I'm James Betker. Of course architecture matters in this regard lol. Comparing a...

jfyi · 2024-04-25T14:26:44 1714055204

There's not many people who will proudly announce their employer, their name, and where someone can stick it over the course of two public comments these days.

You, sir, are my hero.

wrs · 2024-04-25T15:50:24 1714060224

Please humor me for a moment, because I'm having trouble seeing why this is not just true by definition. Doesn't "training to the same performance" mean that you get the same responses? Or from a different angle: given that the goal of the model is to generate plausible completions based on a training dataset, it seems like plausibility (and therefore performance) is obviously defined by the dataset.

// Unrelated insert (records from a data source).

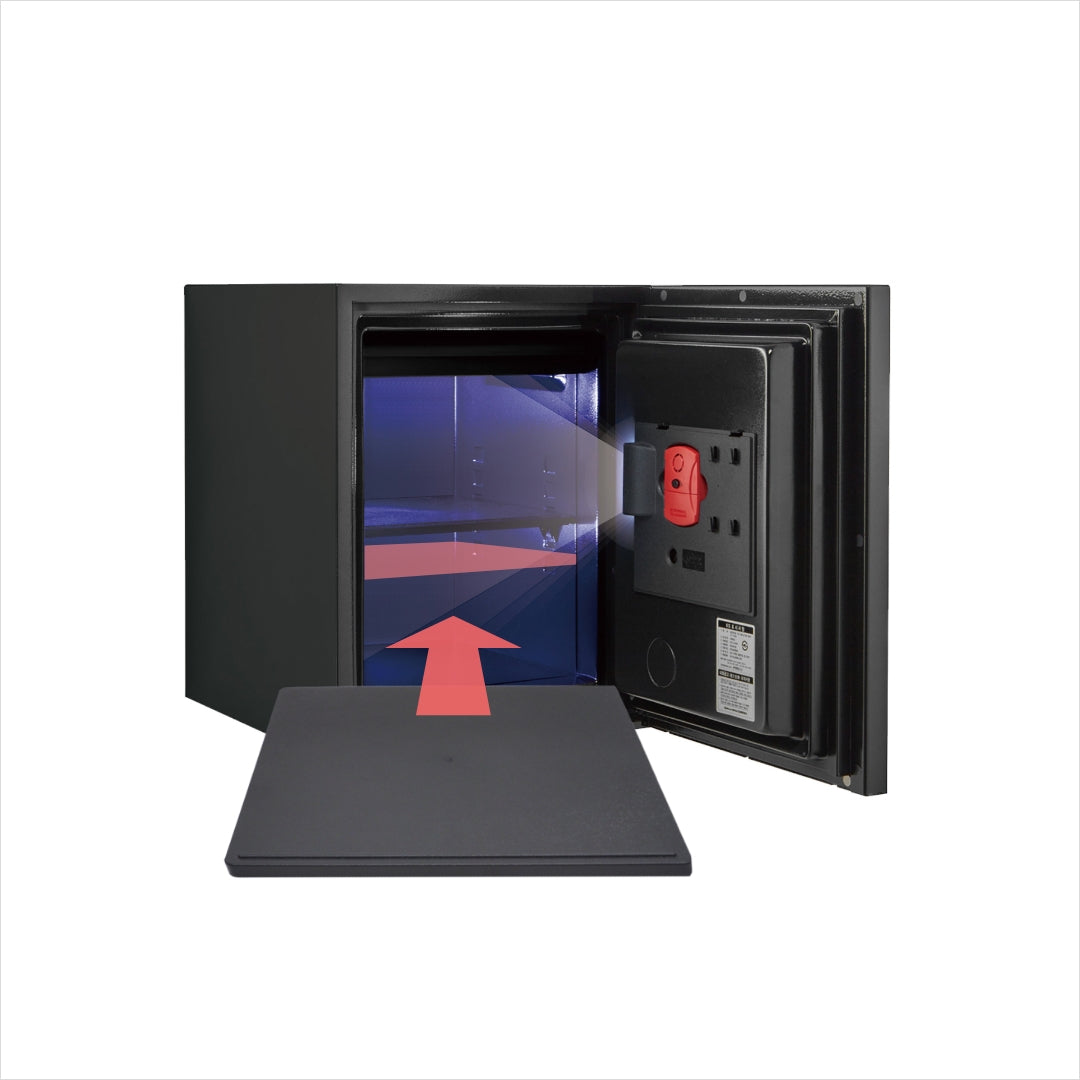 金庫の中に取り付ける追加棚板です。細かく仕切りたい時、収納力をUPさせたい時にご使用下さい。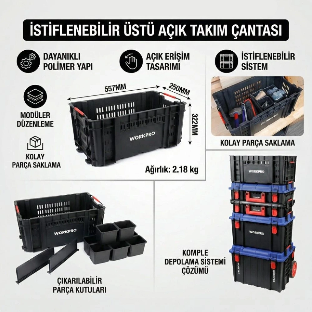 • WORKPRO WP283028 46Lt 55,7x32,2x25cm Üstü Açık Profesyonel Takım Çantası • Elektrik, Sıhhi tesisat işleri, montaj ve servis bakım uygulamaları, atölye ve ev tipi tamirat tadilat uygulamalarında, matkap, şarjlı vidalama, matkapların taşınmasında, Vida, dübel, bağlantı elemanları ve küçük/büyük el aletlerinin düzenli ve güvenli şekilde saklanması için tasarlanmış, darbelere karşı dayanıklı sağlam PP gövdesi sayesinde profesyonel ve günlük kullanıma uygun 25kg. Taşıma kapasitesine sahip çok amaçlı üstü açık takım taşıma çantasıdır. • Matkaplar, avuç taşlama makinaları, dekupajlar ve diğer tüm elektrikli veya mekanik el aletlerinizi profesyonelce taşımanız veya güvenle muhafaza etmeniz için tasarlanarak üretilmiştir. • Darbelere ve aşınmaya dayanıklı PP (Polipropilene) gövde, zorlu şantiye ve atölye koşullarına uygun profesyonel sağlam yapıya sahip takım çantasıdır. • Son derece kompakt ve istiflenebilir tasarımı sayesinde birden fazla Workpro organizer veya takım çantaları ile üst üste istiflenerek kilitlenebilir metal kilit mekanizması sayesinde depolama alandan tasarruf etmenizi sağlar. • İç ve dış mekân koşullarına dayanıklı sağlam gövde ile uzun ömürlü kullanım. • Ölçüler: 557 x 322 x 250mm (46 Lt.) • Taşıma Kapasitesi: 25Kg.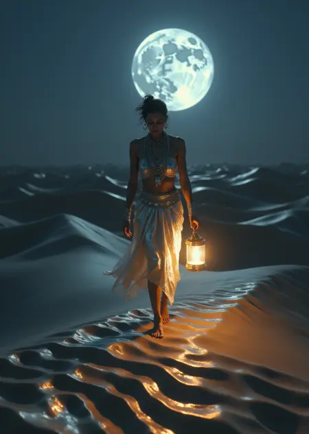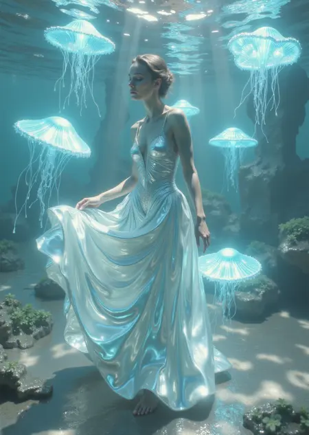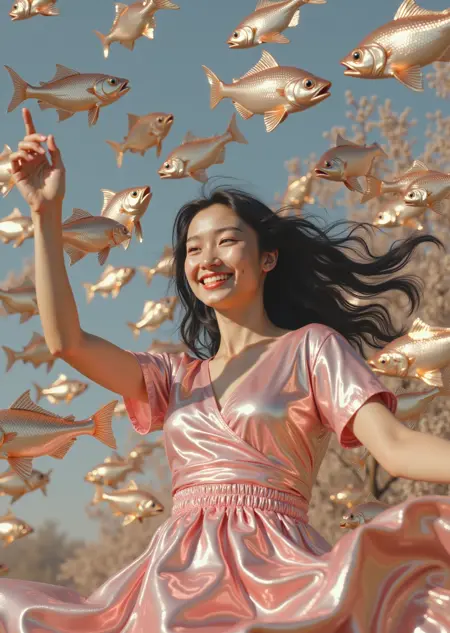 😉 使用示例: 此 LoRA 擅长创建超现实与幻想风格的图像,能将普通场景转化为魔法般的画面:例如月光下的沙漠中身着流动金属服饰的人物,或鱼群悬浮于空中的抽象构图,仿佛由液态物质构成。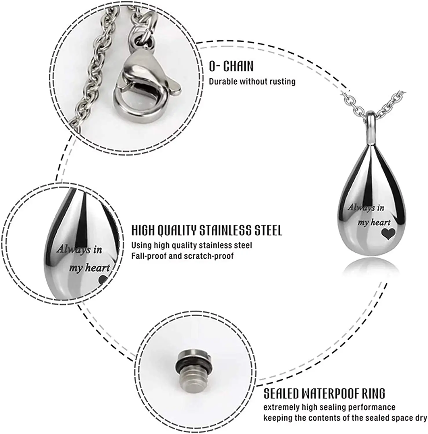 ♕ The pendant comes with a stainless steel chain. You will also receive a small funnel to help transfer the ash more easily, and it closes with a sealing screw.

HarHarVeryFunny · 2024-04-25T14:48:22 1714056502

If Mamba really was as capable as a Transformer on tasks requiring accurate attending to long context, then there'd be no need for Jamba (Mamba+Transformer hybrid).

Your argument of "if we train a Mamba SSM to be as good as a Transformer, then it'll be as good as a Transformer", seems a tad circular...

lossolo · 2024-04-25T17:00:19 1714064419

Yeah, I'm not sure how someone could interpret what you said in the way people are citing here. It's actually obvious that you are right in the context of data in LLMs. Look at LLAMA 3, for example there are minimal architectural changes, and its performance is almost at the level of GPT-4. The biggest change was in the dataset.